[Assignment]: What you submit must be an exact copy of the listing below, with no images in it.

[Supplied material]:
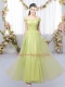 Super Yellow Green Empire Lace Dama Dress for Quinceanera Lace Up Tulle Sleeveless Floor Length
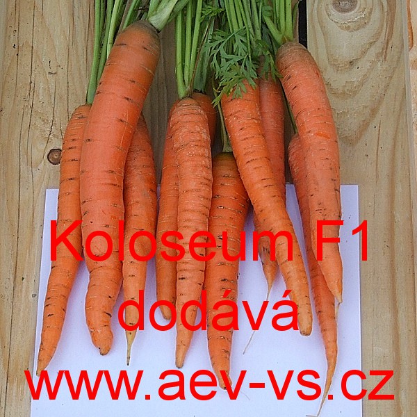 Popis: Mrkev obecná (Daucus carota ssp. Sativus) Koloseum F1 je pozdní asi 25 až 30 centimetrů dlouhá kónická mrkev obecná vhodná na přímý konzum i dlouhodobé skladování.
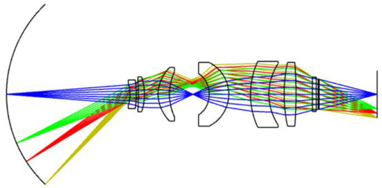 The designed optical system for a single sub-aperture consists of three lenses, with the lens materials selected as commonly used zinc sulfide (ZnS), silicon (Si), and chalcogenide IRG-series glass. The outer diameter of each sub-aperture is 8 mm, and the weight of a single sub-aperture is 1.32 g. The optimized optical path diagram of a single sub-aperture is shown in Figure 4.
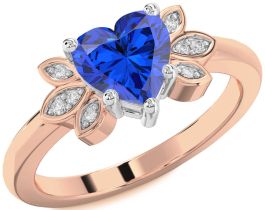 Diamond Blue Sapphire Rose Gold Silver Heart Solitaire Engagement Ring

[Answer below]:
 Super Yellow Green Empire Lace Dama Dress for Quinceanera Lace Up Tulle Sleeveless Floor Length
 Popis: Mrkev obecná (Daucus carota ssp. Sativus) Koloseum F1 je pozdní asi 25 až 30 centimetrů dlouhá kónická mrkev obecná vhodná na přímý konzum i dlouhodobé skladování.
 The designed optical system for a single sub-aperture consists of three lenses, with the lens materials selected as commonly used zinc sulfide (ZnS), silicon (Si), and chalcogenide IRG-series glass. The outer diameter of each sub-aperture is 8 mm, and the weight of a single sub-aperture is 1.32 g. The optimized optical path diagram of a single sub-aperture is shown in Figure 4.
 Diamond Blue Sapphire Rose Gold Silver Heart Solitaire Engagement Ring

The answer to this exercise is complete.